# What is required
Please go line by line and repeat the data below exactly, with no images.

# Supplied data
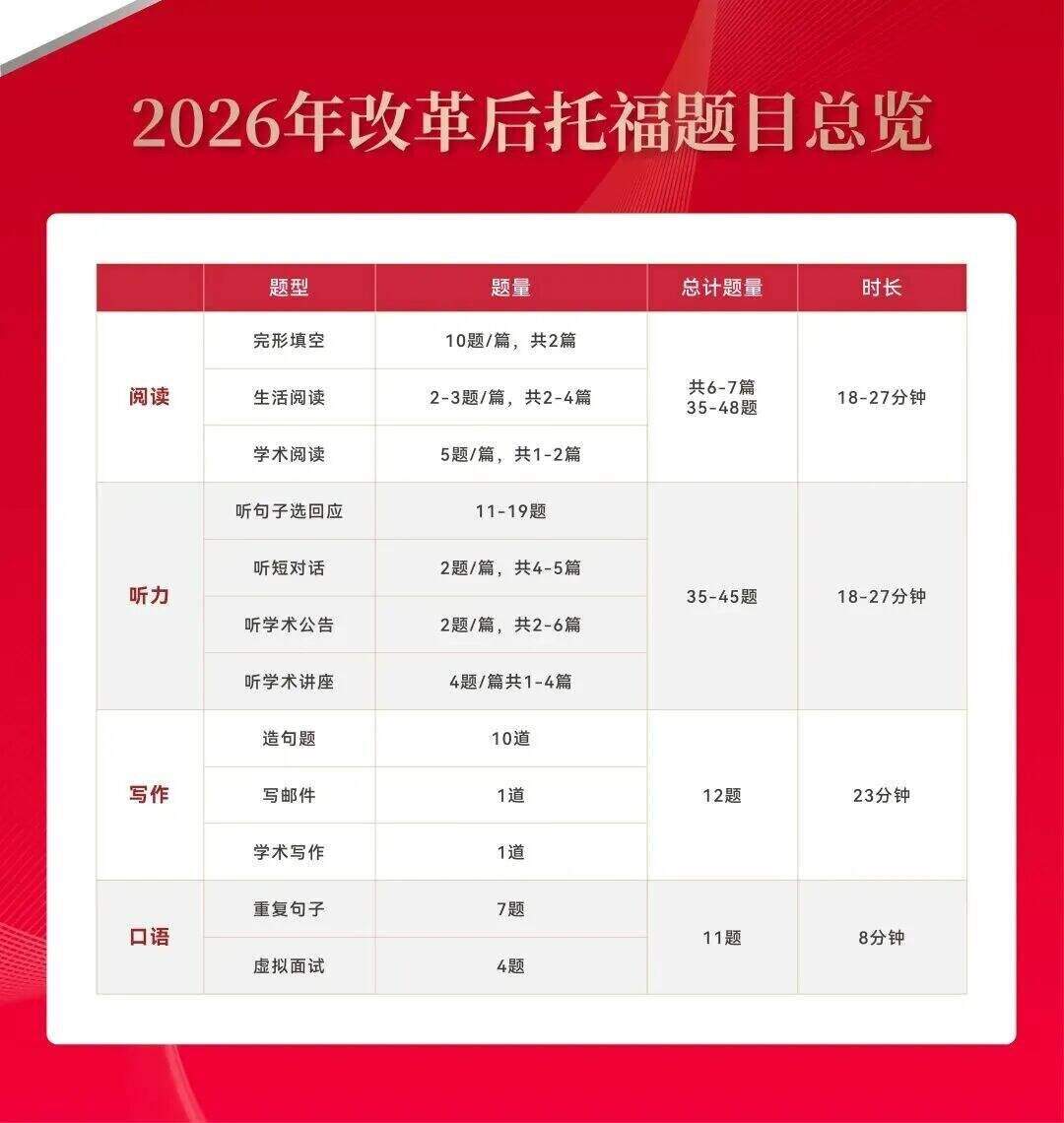 此次改革的核心调整集中于阅读、听力的 “题量 - 时长 - 难度机制”,以及写作、口语的题型创新,各模块新旧对比及核心变化如下,彻底厘清此前的信息歧义:
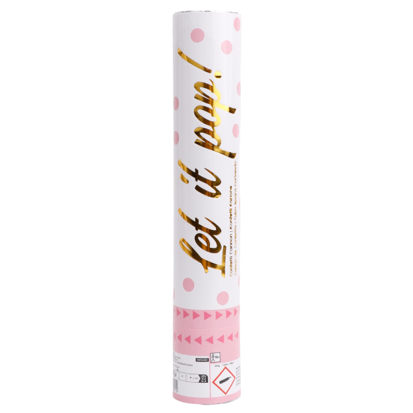 Tuba strzelająca papierowym konfetti w kształcie różowych kółek.
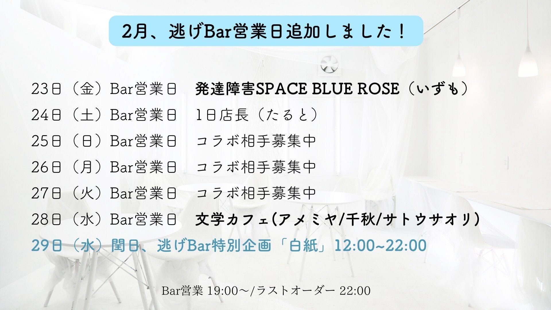 23日からクラファン終わるまで毎日逃げBarを開くことにしました!

# Task solution
 此次改革的核心调整集中于阅读、听力的 “题量 - 时长 - 难度机制”,以及写作、口语的题型创新,各模块新旧对比及核心变化如下,彻底厘清此前的信息歧义:
 Tuba strzelająca papierowym konfetti w kształcie różowych kółek.
 23日からクラファン終わるまで毎日逃げBarを開くことにしました!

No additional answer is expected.